Input>

↓↓↓

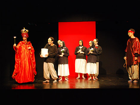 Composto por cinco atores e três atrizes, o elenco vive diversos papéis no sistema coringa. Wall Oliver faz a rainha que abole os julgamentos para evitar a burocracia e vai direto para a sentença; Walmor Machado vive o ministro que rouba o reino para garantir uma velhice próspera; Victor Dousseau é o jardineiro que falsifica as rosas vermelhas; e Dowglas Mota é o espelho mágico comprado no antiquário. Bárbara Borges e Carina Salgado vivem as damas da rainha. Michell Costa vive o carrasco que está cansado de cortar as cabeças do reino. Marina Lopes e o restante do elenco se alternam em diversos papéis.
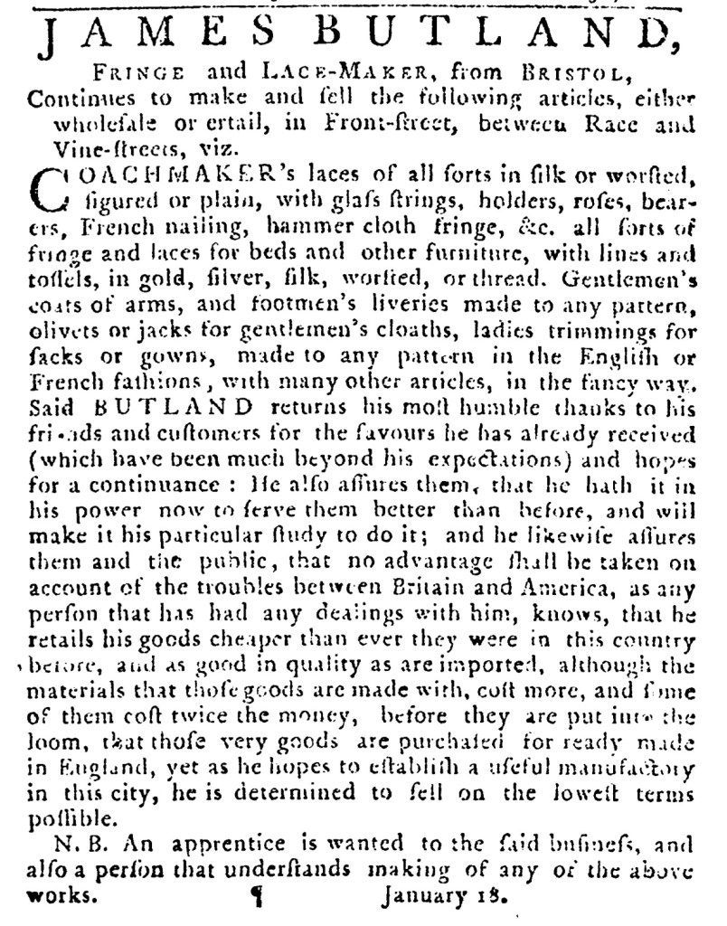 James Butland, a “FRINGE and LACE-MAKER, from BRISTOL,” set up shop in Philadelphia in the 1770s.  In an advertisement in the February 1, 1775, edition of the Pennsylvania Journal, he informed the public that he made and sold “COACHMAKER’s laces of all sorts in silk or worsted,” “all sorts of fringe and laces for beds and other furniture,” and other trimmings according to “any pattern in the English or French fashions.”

↑↑↑
↓↓↓

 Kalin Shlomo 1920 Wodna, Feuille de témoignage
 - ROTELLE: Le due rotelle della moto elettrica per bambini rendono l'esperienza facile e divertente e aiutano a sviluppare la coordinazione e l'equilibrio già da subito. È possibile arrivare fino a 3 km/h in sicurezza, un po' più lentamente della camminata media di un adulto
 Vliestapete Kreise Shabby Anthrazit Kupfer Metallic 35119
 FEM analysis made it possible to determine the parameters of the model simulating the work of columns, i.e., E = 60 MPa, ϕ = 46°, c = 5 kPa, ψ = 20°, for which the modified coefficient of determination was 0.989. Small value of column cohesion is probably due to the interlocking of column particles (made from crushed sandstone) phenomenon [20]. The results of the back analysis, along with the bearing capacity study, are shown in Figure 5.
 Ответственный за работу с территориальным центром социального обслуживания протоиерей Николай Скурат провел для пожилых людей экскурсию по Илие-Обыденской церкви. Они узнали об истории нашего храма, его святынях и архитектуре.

↑↑↑

What the exercise asks>
The lines above starting at the one that holds "Composto por cinco" and ending at the one that holds "James Butland, a" are to be written out exactly, ends included, and no pictures are to be copied.

Solution for this problem>
 Composto por cinco atores e três atrizes, o elenco vive diversos papéis no sistema coringa. Wall Oliver faz a rainha que abole os julgamentos para evitar a burocracia e vai direto para a sentença; Walmor Machado vive o ministro que rouba o reino para garantir uma velhice próspera; Victor Dousseau é o jardineiro que falsifica as rosas vermelhas; e Dowglas Mota é o espelho mágico comprado no antiquário. Bárbara Borges e Carina Salgado vivem as damas da rainha. Michell Costa vive o carrasco que está cansado de cortar as cabeças do reino. Marina Lopes e o restante do elenco se alternam em diversos papéis.
 James Butland, a “FRINGE and LACE-MAKER, from BRISTOL,” set up shop in Philadelphia in the 1770s.  In an advertisement in the February 1, 1775, edition of the Pennsylvania Journal, he informed the public that he made and sold “COACHMAKER’s laces of all sorts in silk or worsted,” “all sorts of fringe and laces for beds and other furniture,” and other trimmings according to “any pattern in the English or French fashions.”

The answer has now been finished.